According to Figure 3, it can be seen that for the zero-mode current at the outlet of each line, there is the following relationship based on Kirchhoff’s Current Law:

$$i_{10}={\displaystyle \sum _{\mathrm{n}=2}^8{i}_{n0}}$$

(1)

For the zero-mode current upstream of the fault point and downstream of the fault point, there is the following relationship at the fault point:

$$i_{\mathrm{f}}=i_{0,\mathrm{up}}+i_{0,\mathrm{down}}$$

(2)

Therefore, the zero-mode current at the outlet of the fault line is the sum of the zero-mode current at the outlet of the non-fault lines, and the zero-mode currents upstream and downstream of the fault point converge at the fault point and flow into the two-port network equivalent to the fault point and the line-mode equivalent network.

3. Integrated Scheme of Protection and Fault Localization in All-DC Collection Network

3.1. Fault Principle

According to the fault characteristic analysis, the basic principle of the protection and fault localization method of all-DC offshore wind farms can be given; that is, the zero-mode current at the outlet of the fault line is opposite to the zero-mode current at the outlet of the non-fault line, and the polarity of the zero-mode current upstream of the fault point and downstream of the fault point on the fault line is also opposite.

3.2. Implementation Method

The integrated scheme of protection and fault localization proposed in this paper is achieved by comparing the polarity of the transient zero-mode current at the line outlet and the wind turbine outlet, and the polarity comparison can be achieved by the peak-valley detection of the waveform.
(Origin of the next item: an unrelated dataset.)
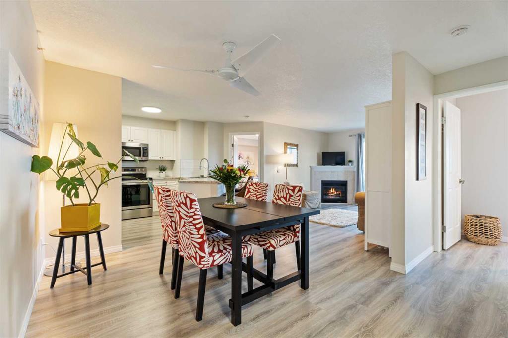 Experience modern comfort in this bright, clean, and renovated two-bedroom, two-bathroom top floor condo. Enjoy cozy evenings by the fireplace and take in lovely southwest views from your private balcony, complete with a gas line for barbecuing. This thoughtfully designed home features in-suite laundry with a convenient stackable washer and dryer. The spacious bedrooms are located on opposite sides of the unit for added privacy and new top down/bottom up blinds as well as black out curtains have been installed in both. Along with the newer flooring the upgrades included a new washer, dryer and refrigerator in 2024. With secure underground parking and a titled stall, convenience meets style in this exceptional living space. A second outdoor stall is currently being rented by this owner and a buyer would have first right to continue the rental. This pet friendly (with restrictions and board approval) unit could not be better located for access to Okotoks' pathway system, to all manner of shopping (Sobeys, Cdn Tire, Walmart, etc) schools, Urgent Care Centre and also quick access to main thoroughfares.

The following describes the peak–valley detection of waveforms by mathematical morphology. Mathematical morphology is a signal and image processing tool based on set theory and integral geometry, which has been applied in some fields of electrical power systems in recent years. For instance, ref. [26] utilizes mathematical morphology combined with h-maxima transformation to extract regional maxima of waveforms for DC fault detection. Ref. [27] proposes a power quality disturbance detection and classification method by constructing a morphological gradient operator integrated with Walsh theory. Ref. [28] proposes a mathematical morphology-based method to eliminate decaying DC components in transient current signals, thus enhancing the measurement accuracy of the current transformer and the operation performance of the protection system. Since signals such as voltage and current are one-dimensional, grayscale morphology is commonly used in power systems [29].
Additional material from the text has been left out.